The Coventry blitz (blitz: from the German word Blitzkrieg meaning "lightning war" listen ) was a series of bombing raids that took place on the English city of Coventry. The city was bombed many times during the Second World War by the German Air Force (Luftwaffe). The most devastating of these attacks occurred on the evening of 14 November 1940.
At the start of the Second World War, Coventry was an industrial city of around 238,000 people which, like much of the industrial West Midlands, contained metal-working industries. In Coventry's case, these included cars, bicycles, aeroplane engines and, since 1900, munitions factories. In the words of the historian Frederick Taylor, "Coventry ... was therefore, in terms of what little law existed on the subject, a legitimate target for aerial bombing".
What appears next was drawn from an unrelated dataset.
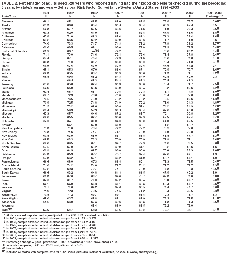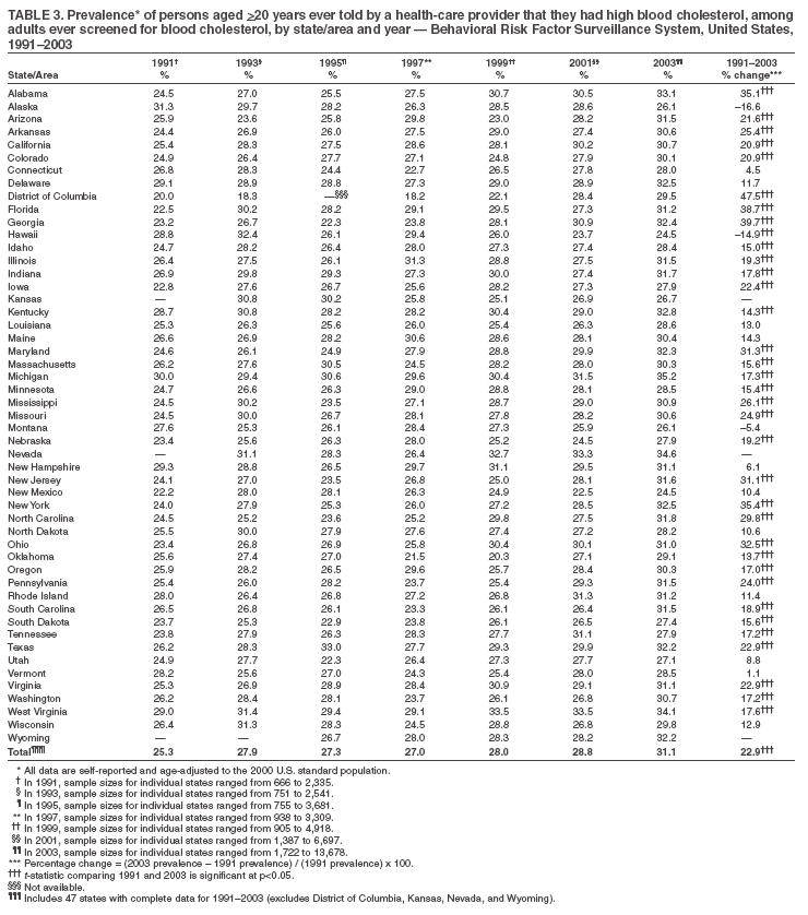 Persons using assistive technology might not be able to fully access information in this file. For assistance, please send e-mail to: mmwrq@cdc.gov. Type 508 Accommodation and the title of the report in the subject line of e-mail. Trends in Cholesterol Screening and Awareness of High Blood Cholesterol --- United States, 1991--2003High blood cholesterol (HBC) (i.e., total cholesterol >240 mg/dL) is a major risk factor for heart disease, the leading cause of death in the United States (1). As a result, public health agencies and their partners have attempted to reduce the prevalence of HBC through screening and by increasing public awareness of HBC and strategies for reducing it. A national health objectives of Healthy People 2010 is to increase to 80% the proportion of adults aged >20 years who have been screened for HBC within the preceding 5 years (2). For this report, data from the Behavioral Risk Factor Surveillance System (BRFSS) collected during 1991--2003 were analyzed to examine trends in the percentage of adults screened for HBC and the percentage of those screened who were told they had HBC. The findings indicated that both percentages increased during 1991--2003 but that few states had achieved the national health objective for screening. Further emphasis on cholesterol screening is needed, particularly among Hispanic and Asian/Pacific Islander populations and young adults. BRFSS is a state-based, random-digit--dialed telephone surveillance system that samples the noninstitutionalized, U.S. civilian population aged >18 years. For this report, CDC analyzed BRFSS data from 1991, 1993, 1995, 1997, 1999, 2001, and 2003 for 1,027,793 persons aged >20 years. Response rates for BRFSS surveys ranged from 71.4% in 1993 to 51.1% in 2001 (3). Survey participants were asked whether they had ever had a blood cholesterol screening and, if so, how long it had been since their last screening. Those who reported having ever been screened were asked whether they had ever been told by a health-care professional that they had HBC. Data were weighted to account for age, race/ethnicity, and sex distributions of the population in each state. Statistical software was used to account for the complex sampling design. The results were age-standardized to the 2000 U.S. standard population (4). Percentage change was calculated as the 2003 prevalence minus the 1991 prevalence divided by the 1991 prevalence multiplied by 100. During 1991--2003, the prevalence of cholesterol screening during the preceding 5 years and the percentage of persons screened who were told they had HBC increased overall and among all age, sex, and racial/ethnic groups (Table 1). The percentage of those screened within 5 years increased from 67.6% (95% confidence interval [CI] = 67.2--68.1) in 1991 to 73.1% (CI = 72.7--73.4) in 2003. Although the prevalence of cholesterol screening within 5 years was higher among women than men in all years represented, the percentage change in prevalence was smaller for women than men. In 2003, the prevalence of cholesterol screening was lowest among Hispanics (65.5%; CI = 64.1--67.0) and Asians/Pacific Islanders (69.6%; CI = 66.9--72.4). The largest percentage changes in prevalence of cholesterol screening were among American Indians/Alaska Natives and non-Hispanic blacks. The overall percentage of those screened who had been told they had HBC increased from 25.3% (CI = 24.7--25.8) in 1991 to 31.1% (CI = 30.7--31.5) in 2003. The percentage change among men told they had HBC was more than twice that among women. The percentage of those screened who were told they had HBC was higher in all racial/ethnic groups in 2003 than in 1991, with the greatest increase observed among Hispanics. Similarly, reporting of HBC increased among all age groups, with the largest percentage change in prevalence among those aged >65 years. In 46 states and the District of Columbia (DC), the prevalence of screening increased from 1991 to 2003, with percentage change ranging from 0.3% in Iowa to 17.5% in Kentucky (Table 2). However, by 2003, only DC and Massachusetts had achieved the Healthy People 2010 objective for cholesterol screening, with rates of 80.2% and 80.6%, respectively. The proportion of screened adults who had been told they had HBC increased in 44 states and DC, with increases ranging from 1.1% in Vermont to 47.5% in DC (Table 3). Reported by: AE Saddlemire, CH Denny, PhD, KJ Greenlund, PhD, JN Coolidge, MPH, AZ Fan, MD, PhD, JB Croft, PhD, Div for Heart Disease and Stroke Prevention, National Center for Chronic Disease Prevention and Health Promotion, CDC. Editorial Note:The findings in this report indicate that the overall percentage of adults who had had their cholesterol checked during the preceding 5 years increased during 1991--2003. However, in most states, increases in screening were moderate; by 2003, only DC and Massachusetts had achieved the Healthy People 2010 objective of 80% screening prevalence. Among those persons who had ever undergone cholesterol screening, the percentage told that they had HBC also increased during 1991--2003. The largest increase in the prevalence of HBC screening occurred during 1999--2001 (5.1%), and in most states, the prevalence of screening continued to increase during 2001--2003. The overall increase in cholesterol screening might have been attributable, in part, to 1) implementation of state heart-disease and stroke-prevention programs by CDC beginning in 1998 (5); 2) release, in 2000, of Healthy People 2010, with the objective to increase the proportion of adults who have had their blood cholesterol checked during the preceding 5 years (2); and 3) publication of the National Cholesterol Education Program Adult Treatment Panel (ATP) II (1993) and ATP III (2001) reports, which updated clinical guidelines for cholesterol testing and management (6,7). In addition, the large increase in prevalence of screening among American Indians/Alaska Natives might be the result of

During the First World War, the advanced state of the machine tooling industry in the city meant that pre-war production could quickly be turned to war production purposes, with industries such as the Coventry Ordnance Works assuming the role of one of the leading munition centres in the UK, manufacturing 25 percent of all British aircraft produced during the war.
Like many of the industrial towns of the English West Midlands region that had been industrialised during the Industrial Revolution, many of the small and medium-sized factories in the city were woven into the same streets as the workers' houses and the shops of the city centre. However, it developed many large interwar suburbs of both private and council housing, which were relatively isolated from industrial buildings.